Aguilar died in Oaxaca City on February 13, 2026, at the age of 80.

== Process ==
Aguilar's family dig the clay they use from a pit in a field outside of Ocotlán de Morelos. To get the quality clay required they have to dig down 10 or 12 feet. They soak the clay, lay a palm mat over it, and walk on it to press out the bubbles. While sculpting, Aguilar sits on her heels on a flat stone. Finished figures have to dry indoors for a week (direct sunlight would cause them to crack) before the family fires them in a rustic wooden kiln for nine hours. Many figures are lost to breakage. Those that survive the firing process have to cool overnight before they can be painted. The Aguilars sell their artwork on trestle tables set up in the open courtyard of their five-family complex. Aguilar and her husband purchased the land where the clay for her work is sourced.
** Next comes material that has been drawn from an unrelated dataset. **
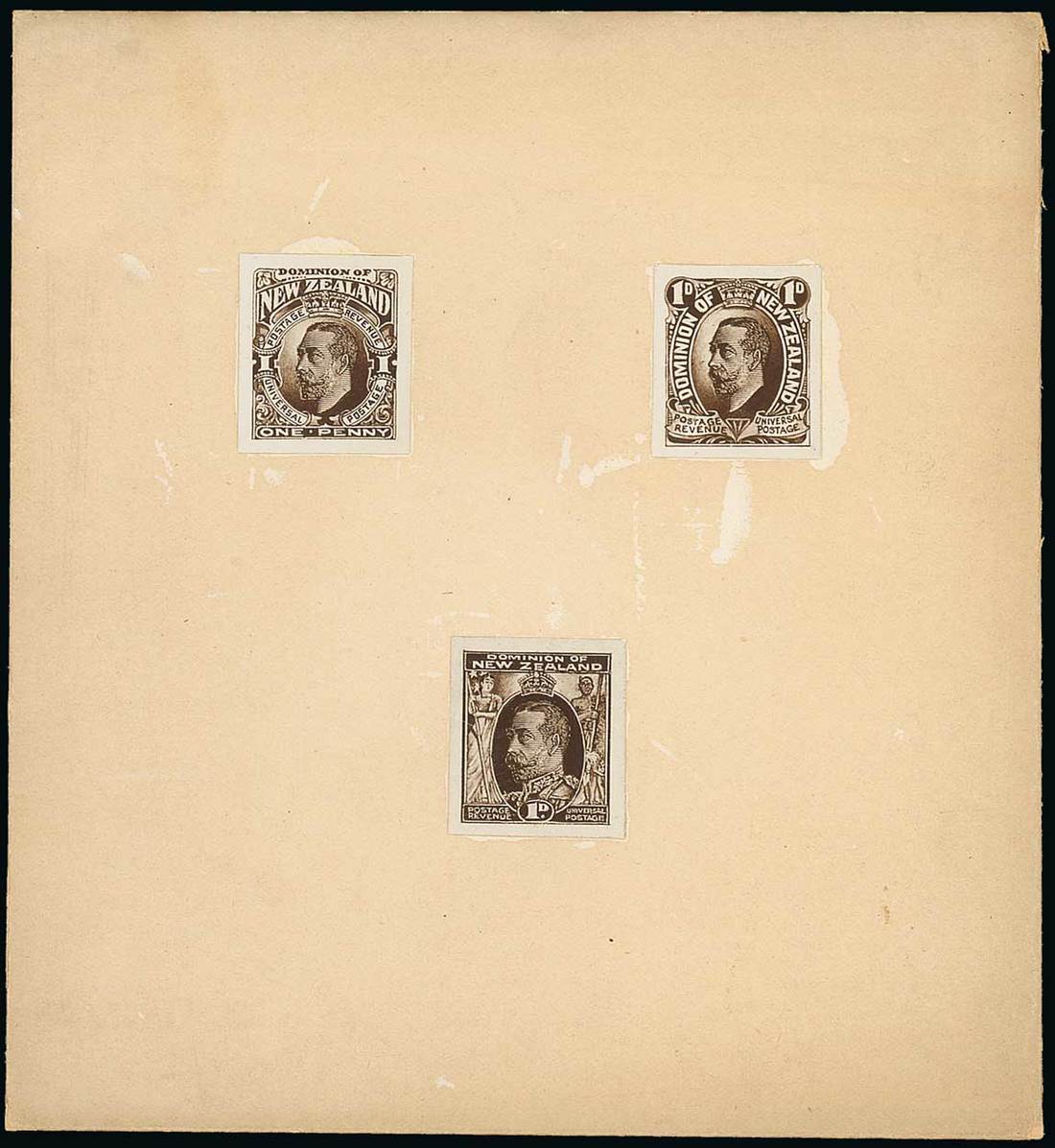 Perkins Bacon alternative essays of the 1d., stamp-size sepia photographs of three designs mounted on thick card (130x142mm.), fine. Photo

Previously, the family paid weekly for the clay they used from this land.

== Work in museums ==
Josefina Aguilar's work is displayed in the Museum of International Folk Art in Santa Fe, the Mexic-Arte Museum in Austin, Texas, the San Antonio Museum of Art, the Mexican Museum in San Francisco, and the National Museum of Mexican Art in Chicago.

== Awards ==
In 1977 Aguilar won first prize in the third Gran Premio de Arte Popular (Grand Prize in Folk Art) competition held in Irapuato, Guanajuato, by the Instituto Nacional de Bellas Artes. In 1980 she won second place in the first Concurso Nacional de Objetos Navideños Tradicionales (National Traditional Christmas Objects Contest) held in Mexico City by FONART. In 2004 she won the Galardón Pantaleón Panduro in the Premio Nacional de la Cerámica (National Ceramics Prize) competition held in San Pedro Tlaquepaque, Jalisco.

== In other media ==
Children's book author Jeanette Winter has written and illustrated a counting book, Josefina, inspired by Aguilar's life and work.